Extracted data entries
Content starts
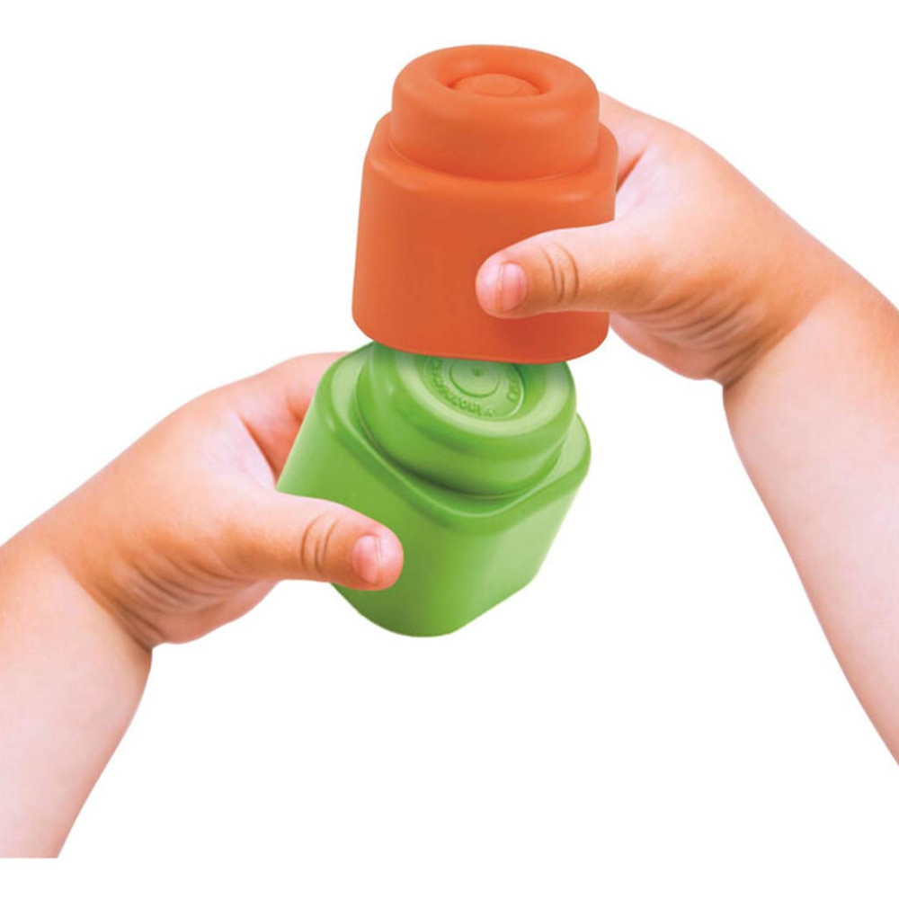 A Clementoni – Clemmy Készségfejlesztő labda, puha építőkockákkal (17315) 4 db puha kockát tartalmaz.
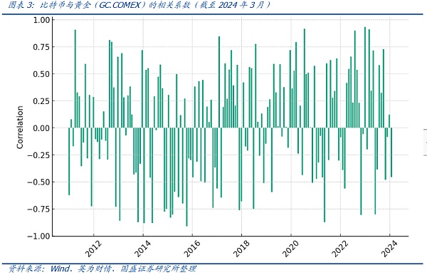 从2010年以来的相关系数来看,比特币价格与黄金价格相关性情况不明朗。 早期,比特币市场不够成熟,其市场表现更多地偏向于高风险、高回报的资产,而市场参与者更多是青睐加密货币的粉丝群体,似乎与传统资本市场投资者(尤其是机构投资者)并无太多关联——与购买黄金的避险者,亦是不同群体。相比之下,传统的黄金市场更多被视为避险资产,投资者更倾向于在经济不确定时购买黄金进行避险、保值。因此,这段时间内比特币价格与黄金价格并无明显相关性亦是反应了市场交易者的预期。随着比特币期货、现货ETF等品种登陆美国登市场,吸引了更多的传统投资者和机构参与交易。那么,是否市场开始将比特币视为一种数字黄金,具有避险和对冲通货膨胀功能的资产?
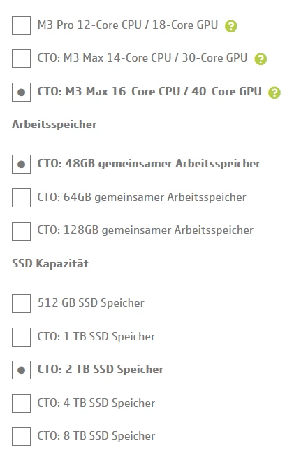 a) CTO: M3 Max 14‑Core CPU / 30‑Core GPU or a CTO: M3 Max 16‑Core CPU / 40‑Core GPU processor?
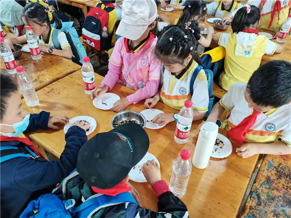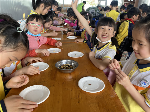 春光明媚,下午时分,一轮七彩的日晕出现在了头顶的天空,孩子们抬头仰望,欢呼雀跃,大自然的赠礼为此次研学活动画上了圆满的句号。孩子们在劳动中磨砺心志,在劳动中合作创造,“百年恰是,风华正茂”,二年级的少先队员们立志向、树理想,传承着党的百年精神,正在用实际行动创造着属于他们自己的美好时代。
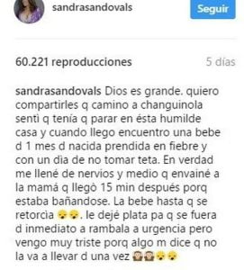 Esta situación, hizo que Sandra decidiera dejarles dinero para que le brindaran una rápida atención médica a la recién nacida, pero algo en su interior le decía que «no la llevarían de inmediato».
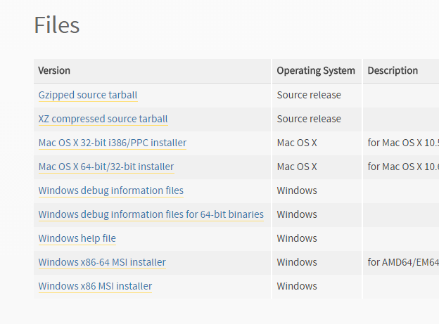 * Install Python 2.7.6 matching the bitness of your operating system. For any questions, please refer to their FAQ. Default settings are perfect.
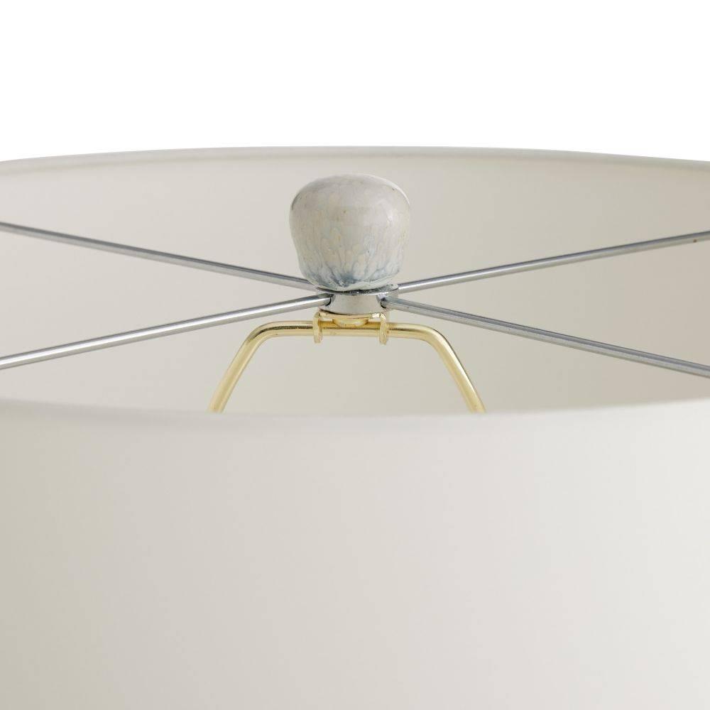 Like a ripe piece of fruit, the grooved silhouette of this ceramic table lamp brings a feeling of growth and abundance to any corner. Finished in an icy morn glaze with antique brass-plated steel hardware, it is topped with an ivory microfiber drum shade lined in off-white cotton secured with a matching finial. Finish will vary.
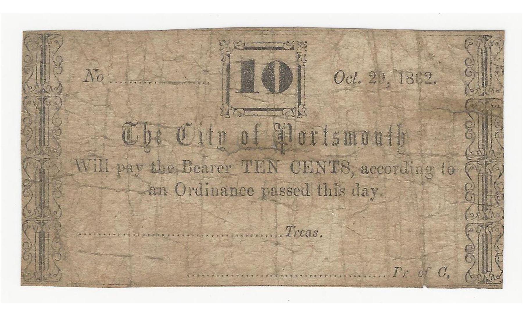 One October 20, 1862 10 Cents The City of Portsmonth Obsolete Note.
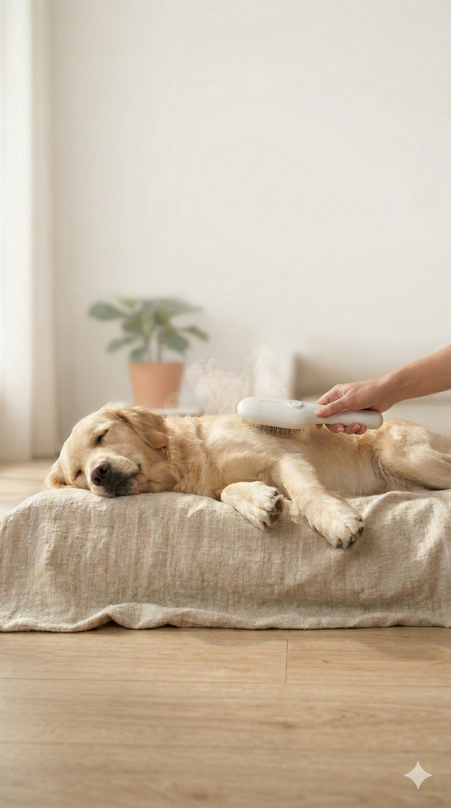 La brume tiède emprisonne les poils sur la brosse. Je n'ai plus besoin de passer l'aspirateur après chaque brossage.
Content ends
## About this exercise
Return nothing but the lines running from the start of the data to the line with "settings are perfect.", please, both ends included and no pictures.

## Answer to the exercise
 A Clementoni – Clemmy Készségfejlesztő labda, puha építőkockákkal (17315) 4 db puha kockát tartalmaz.
 从2010年以来的相关系数来看,比特币价格与黄金价格相关性情况不明朗。 早期,比特币市场不够成熟,其市场表现更多地偏向于高风险、高回报的资产,而市场参与者更多是青睐加密货币的粉丝群体,似乎与传统资本市场投资者(尤其是机构投资者)并无太多关联——与购买黄金的避险者,亦是不同群体。相比之下,传统的黄金市场更多被视为避险资产,投资者更倾向于在经济不确定时购买黄金进行避险、保值。因此,这段时间内比特币价格与黄金价格并无明显相关性亦是反应了市场交易者的预期。随着比特币期货、现货ETF等品种登陆美国登市场,吸引了更多的传统投资者和机构参与交易。那么,是否市场开始将比特币视为一种数字黄金,具有避险和对冲通货膨胀功能的资产?
 a) CTO: M3 Max 14‑Core CPU / 30‑Core GPU or a CTO: M3 Max 16‑Core CPU / 40‑Core GPU processor?
 春光明媚,下午时分,一轮七彩的日晕出现在了头顶的天空,孩子们抬头仰望,欢呼雀跃,大自然的赠礼为此次研学活动画上了圆满的句号。孩子们在劳动中磨砺心志,在劳动中合作创造,“百年恰是,风华正茂”,二年级的少先队员们立志向、树理想,传承着党的百年精神,正在用实际行动创造着属于他们自己的美好时代。
 Esta situación, hizo que Sandra decidiera dejarles dinero para que le brindaran una rápida atención médica a la recién nacida, pero algo en su interior le decía que «no la llevarían de inmediato».
 * Install Python 2.7.6 matching the bitness of your operating system. For any questions, please refer to their FAQ. Default settings are perfect.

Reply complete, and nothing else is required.